§ **Available data**:
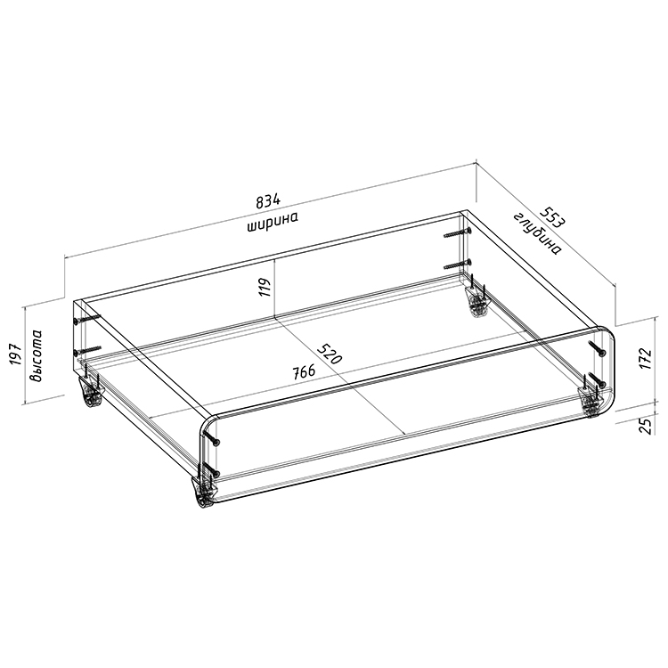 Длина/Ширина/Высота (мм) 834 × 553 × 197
==
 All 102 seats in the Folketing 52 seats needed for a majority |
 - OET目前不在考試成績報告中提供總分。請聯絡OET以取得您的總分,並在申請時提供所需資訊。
==
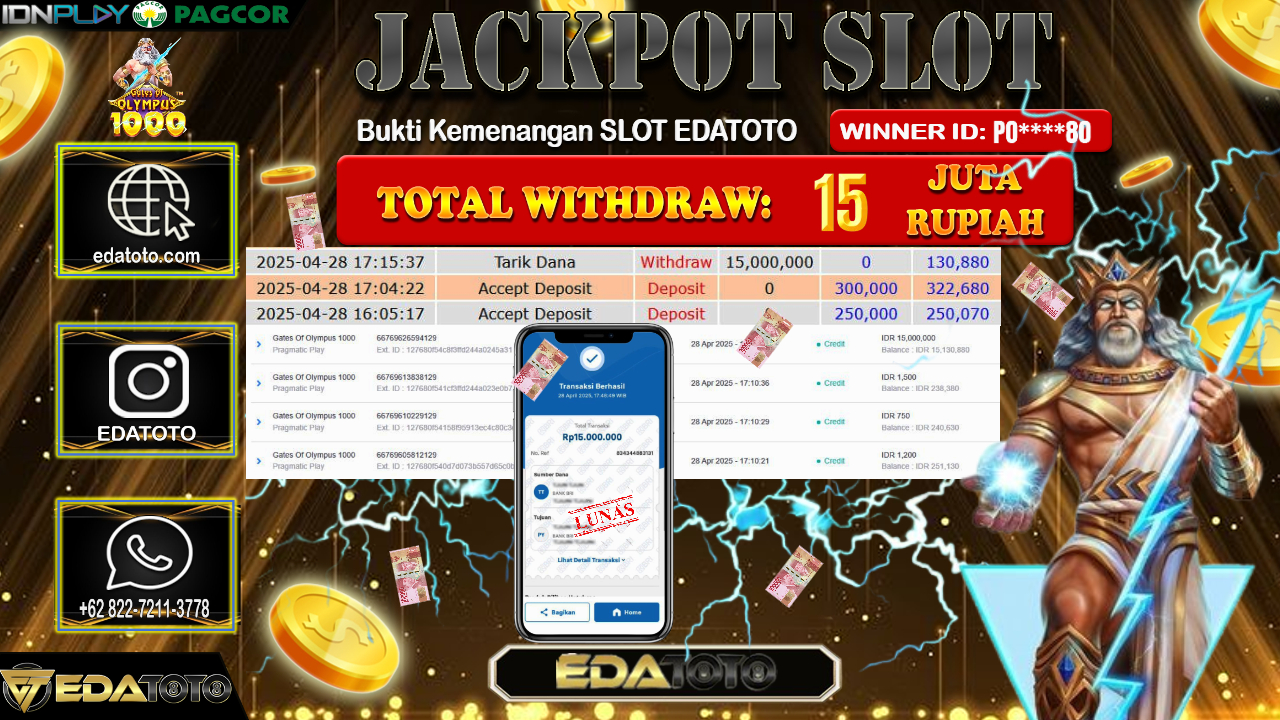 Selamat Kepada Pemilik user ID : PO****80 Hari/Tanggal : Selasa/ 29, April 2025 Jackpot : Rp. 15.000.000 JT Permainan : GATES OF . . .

§ **What needs to be done**: Begin at the line above that has "All 102 seats" and stop after the line that has "- OET目前不在考試成績報", copying each line exactly and adding nothing else.

§ **The answer**:
 All 102 seats in the Folketing 52 seats needed for a majority |
 - OET目前不在考試成績報告中提供總分。請聯絡OET以取得您的總分,並在申請時提供所需資訊。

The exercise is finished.